I'd like the entries that follow repeated exactly, with the pictures left out.
══ The data
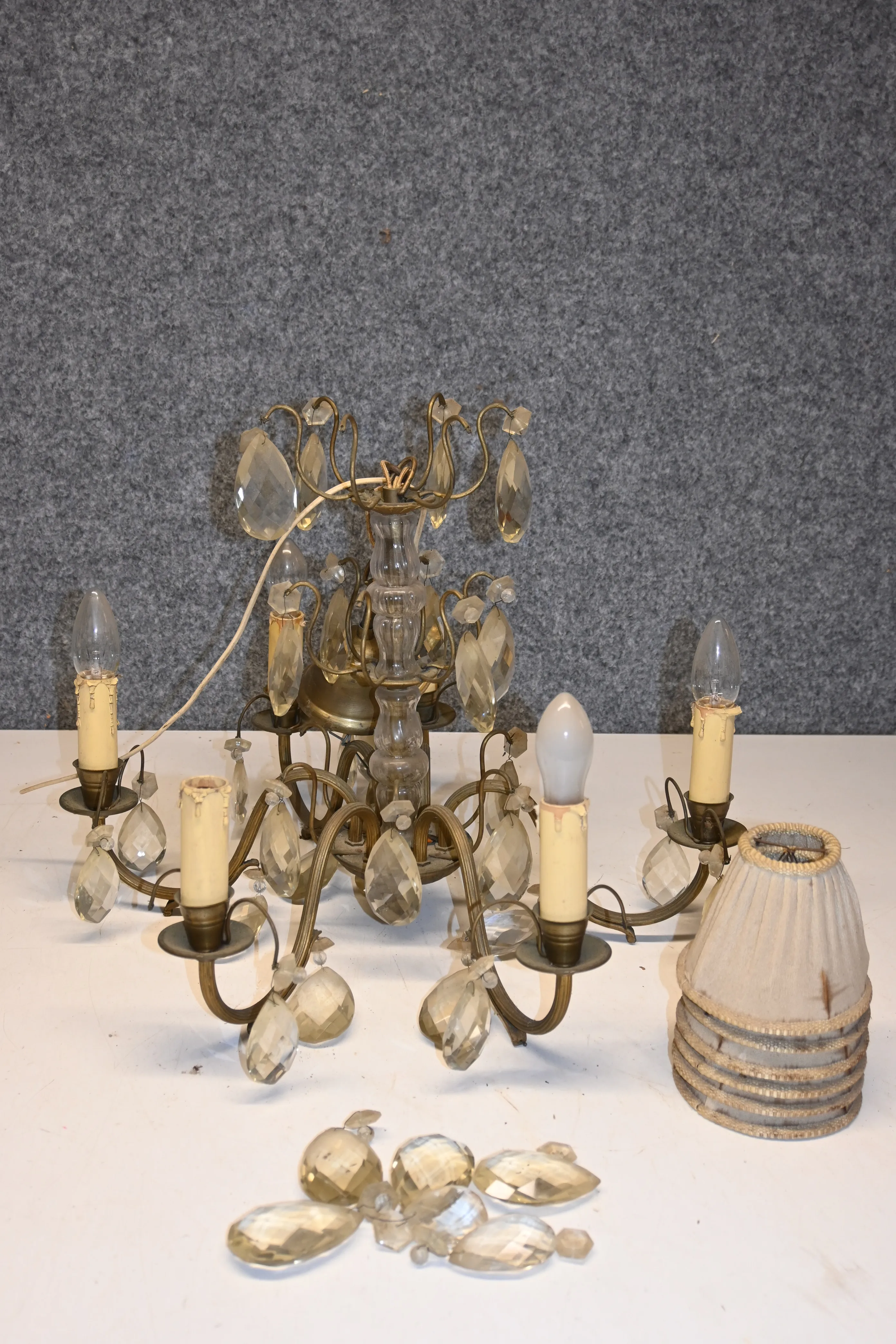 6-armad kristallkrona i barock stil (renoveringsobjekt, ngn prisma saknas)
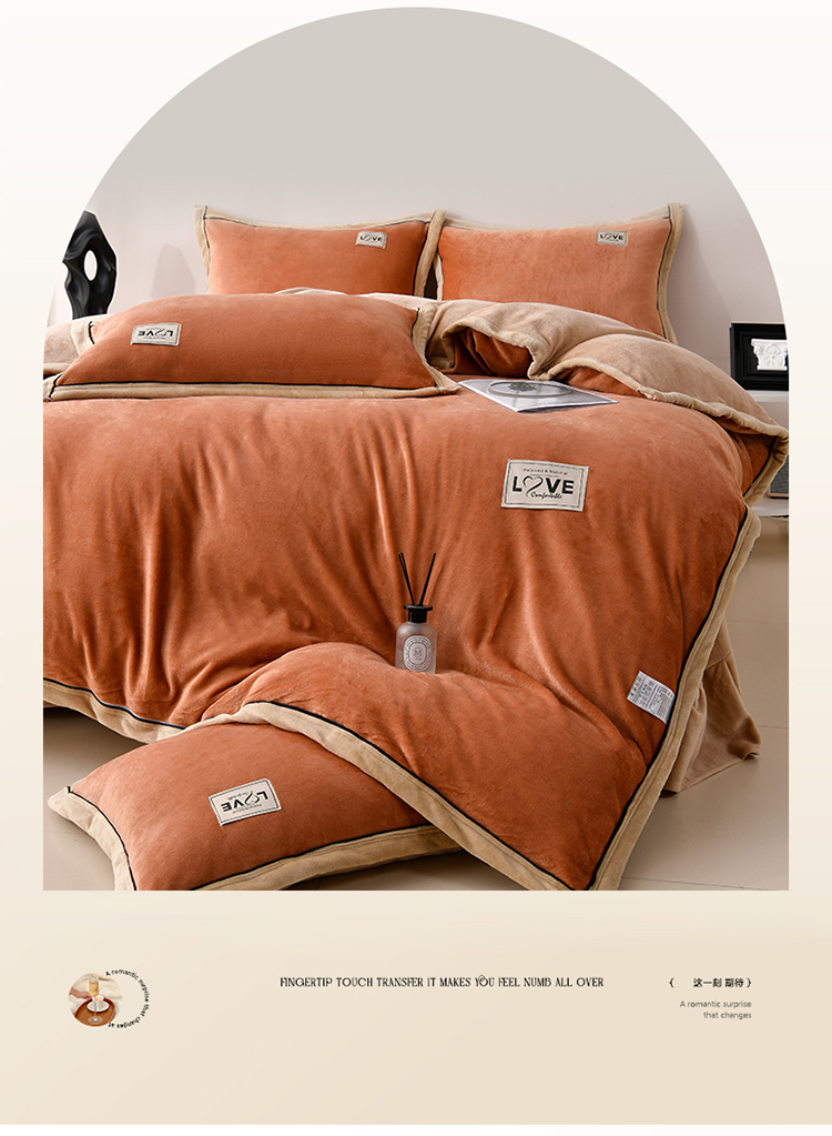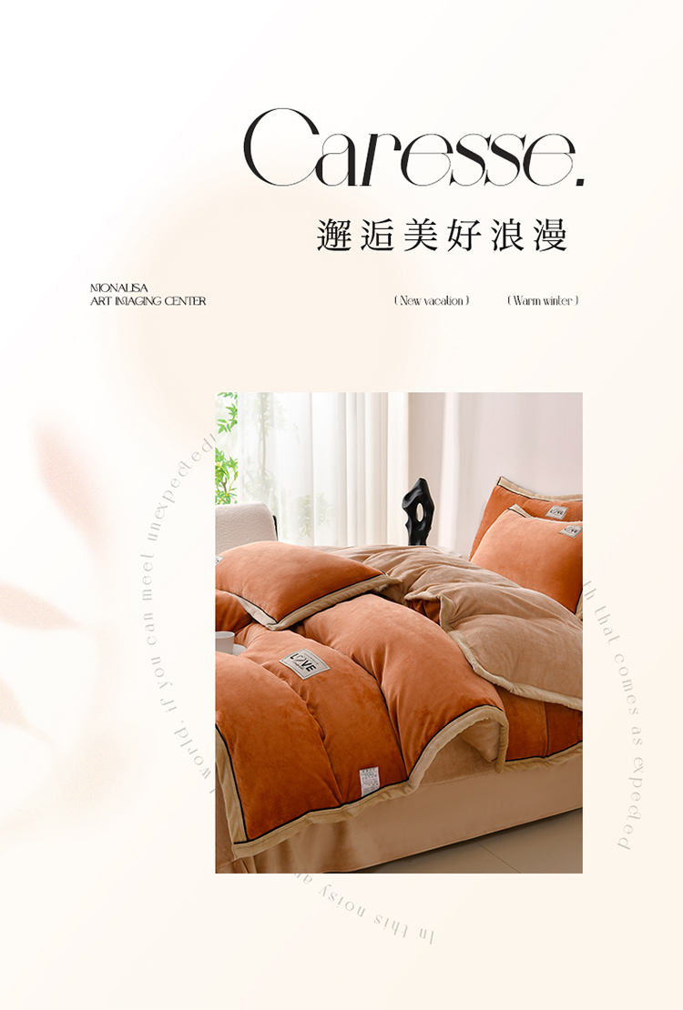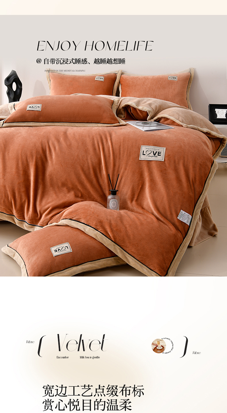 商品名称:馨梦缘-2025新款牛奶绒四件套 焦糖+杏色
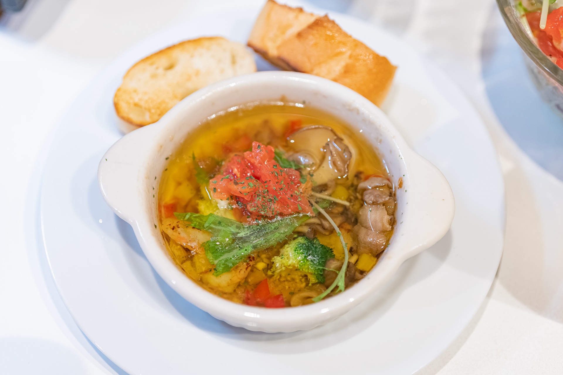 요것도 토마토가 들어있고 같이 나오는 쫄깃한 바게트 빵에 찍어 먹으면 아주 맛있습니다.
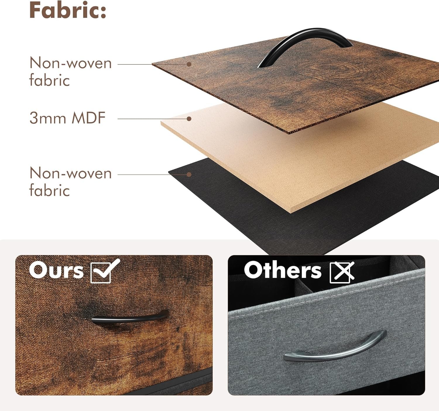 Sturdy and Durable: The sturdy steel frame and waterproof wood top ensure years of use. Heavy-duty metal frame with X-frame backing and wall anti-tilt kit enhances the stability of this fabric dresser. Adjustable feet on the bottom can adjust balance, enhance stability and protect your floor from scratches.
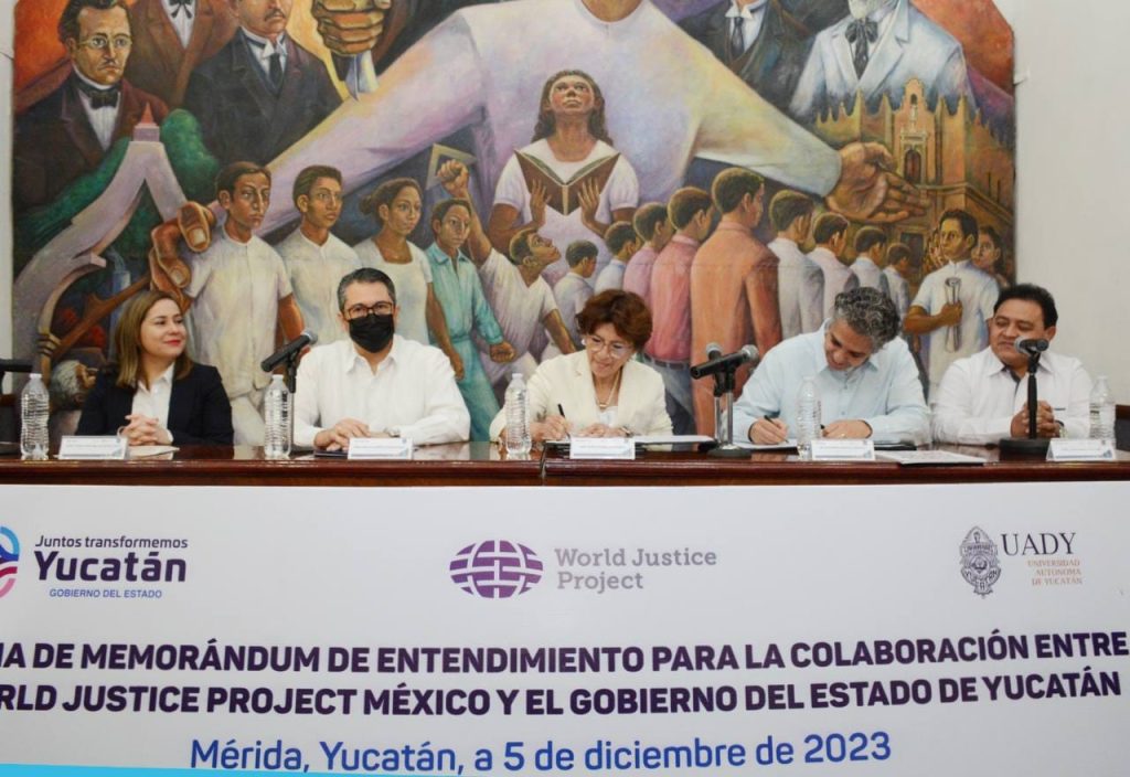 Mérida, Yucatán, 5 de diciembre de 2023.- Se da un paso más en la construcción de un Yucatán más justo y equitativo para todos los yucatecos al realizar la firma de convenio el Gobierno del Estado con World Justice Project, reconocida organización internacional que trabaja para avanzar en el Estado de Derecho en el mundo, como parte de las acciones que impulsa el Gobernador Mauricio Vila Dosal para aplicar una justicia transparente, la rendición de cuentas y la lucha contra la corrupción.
════
Response:
 6-armad kristallkrona i barock stil (renoveringsobjekt, ngn prisma saknas)
 商品名称:馨梦缘-2025新款牛奶绒四件套 焦糖+杏色
 요것도 토마토가 들어있고 같이 나오는 쫄깃한 바게트 빵에 찍어 먹으면 아주 맛있습니다.
 Sturdy and Durable: The sturdy steel frame and waterproof wood top ensure years of use. Heavy-duty metal frame with X-frame backing and wall anti-tilt kit enhances the stability of this fabric dresser. Adjustable feet on the bottom can adjust balance, enhance stability and protect your floor from scratches.
 Mérida, Yucatán, 5 de diciembre de 2023.- Se da un paso más en la construcción de un Yucatán más justo y equitativo para todos los yucatecos al realizar la firma de convenio el Gobierno del Estado con World Justice Project, reconocida organización internacional que trabaja para avanzar en el Estado de Derecho en el mundo, como parte de las acciones que impulsa el Gobernador Mauricio Vila Dosal para aplicar una justicia transparente, la rendición de cuentas y la lucha contra la corrupción.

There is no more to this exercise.